30 The Company anticipates that they may need additional financing to continue our operations for the longer term. Although we have previously been able to raise capital as needed, including our recent private placement of certain senior secured convertible notes in the principal amount of $8,800,000, such capital may not continue to be available to us at all, or if available, on reasonable terms as required. Further, the terms of such financing may be dilutive to our existing stockholders or otherwise on terms not favorable to us or our existing stockholders. If we are unable to secure additional capital, as circumstances require, or do not succeed in meeting our sales objectives we may be required to change or delay our operations.

Operating activities Net cash used in operating activities for the nine months ended September 30, 2012 was $3,667,253 compared to $11,299,140 in the same period 2011, a decrease of $7,631,887. This decrease is primarily attributable to improvements in working capital due to tighter cash management and cost control, as well asto the lower net loss.

Investment activities Net cash used in investment activities for the nine months ended September 30, 2012 was $5,051,228 a decrease of $1,498,477, (or 22.9%) compared to $6,549,705 in the same period 2011. The decrease was attributable to a lower level of purchases of property and equipment by $4,342,480, which was partly offset by the increase in loans to the third party Morodo Ltd. by $138,591, change in restricted cash by $1,597,205, as well as by loans to joint venture partner Modale B.V. (previously known as Elephant Security I B.V.) of $107,618 and by the loan to the related party Elephant Security B.V. of $1,000,589.

Financing activities Net cash received by financing activities for the nine months ended September 30, 2012 was $7,381,675 compared to $24,966,433 for the nine months ended September 30, 2011. In the first nine months of 2012 we received a total of $8,000,000 in gross proceeds from the 8% convertible note and $969,714 from the exercise of warrants and options. After the deduction of deferred financing costs and expenses attributable to share issuances of ($623,081) the net proceeds from financing activities amounted to $8,346,633. In the first nine months of 2012 $964,958 was paid for installment payments and interest related the 8% convertible note.

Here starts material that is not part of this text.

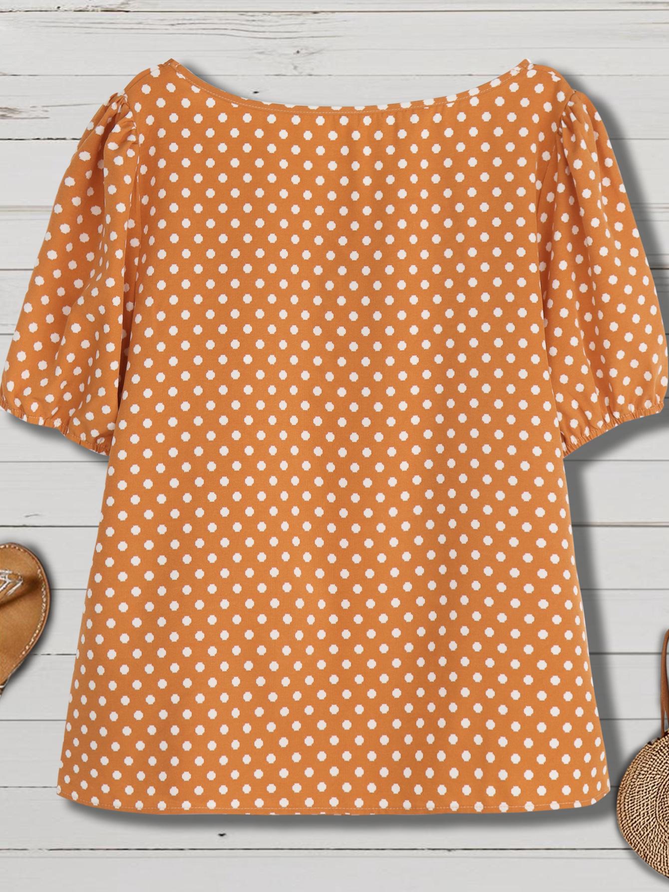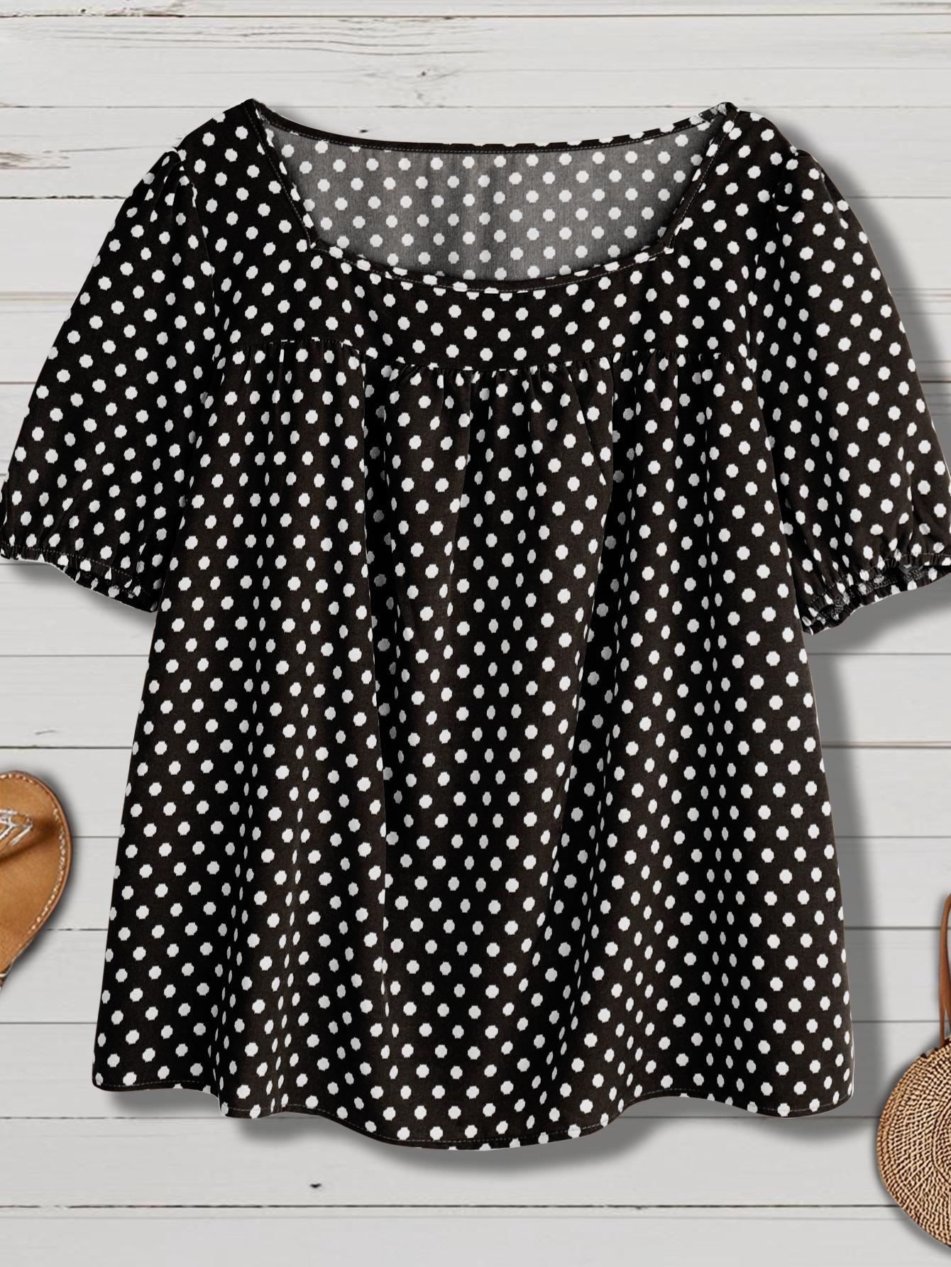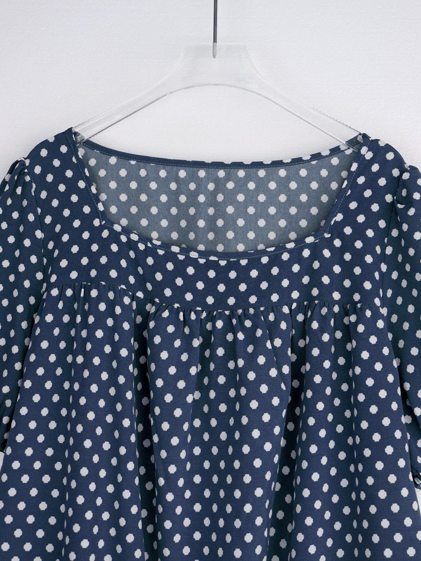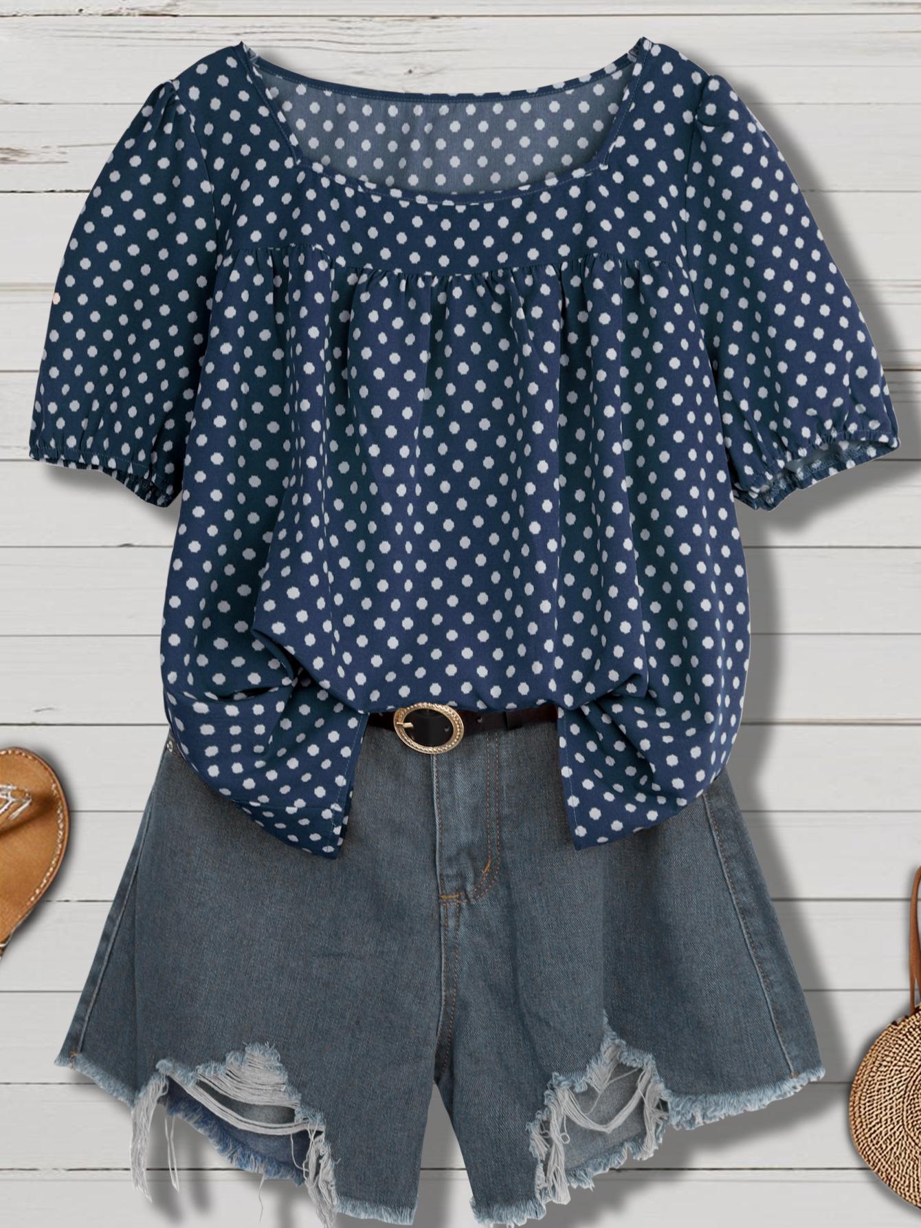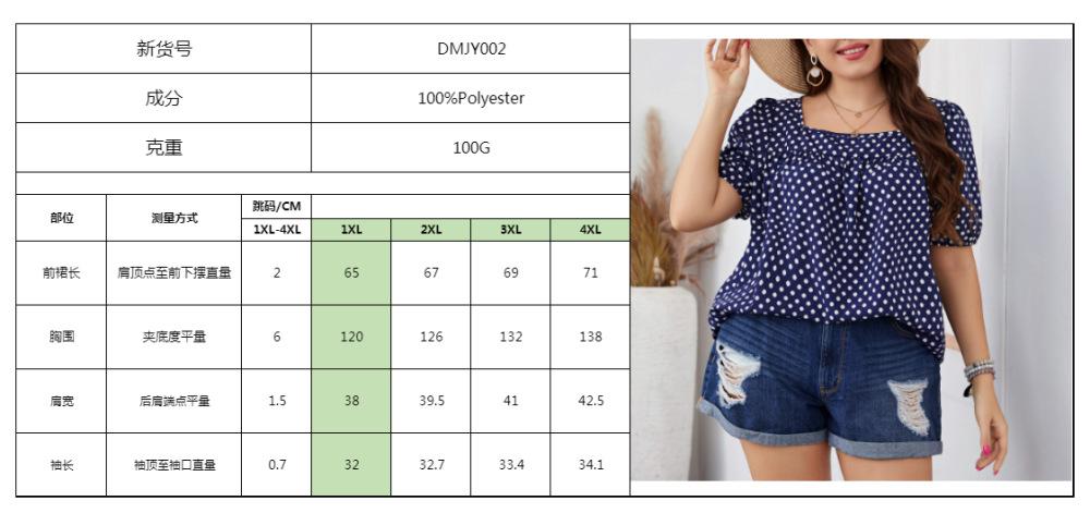 Estilo Nuevo Europeo y Americano Chifón Cuello Redondo Tops de Chifón Temperamento Viajero Comercio Exterior Jersey Lunares Talla Grande Camisas de Mujer al Por Mayor

As a result of the above activities, the Company had the cash and cash equivalents balance of $4,344,438 as of September 30, 2012, a net decrease in cash and cash equivalents of $1,665,138 since December 31, 2011.

Off- Balance Sheet Arrangements The Company did not have any off-balance sheet arrangements that have or are reasonably likely to have a current or future effect on our financial condition, changes in financial condition, revenues or expenses, results of operations, liquidity, capital expenditures or capital resources that is material to investors.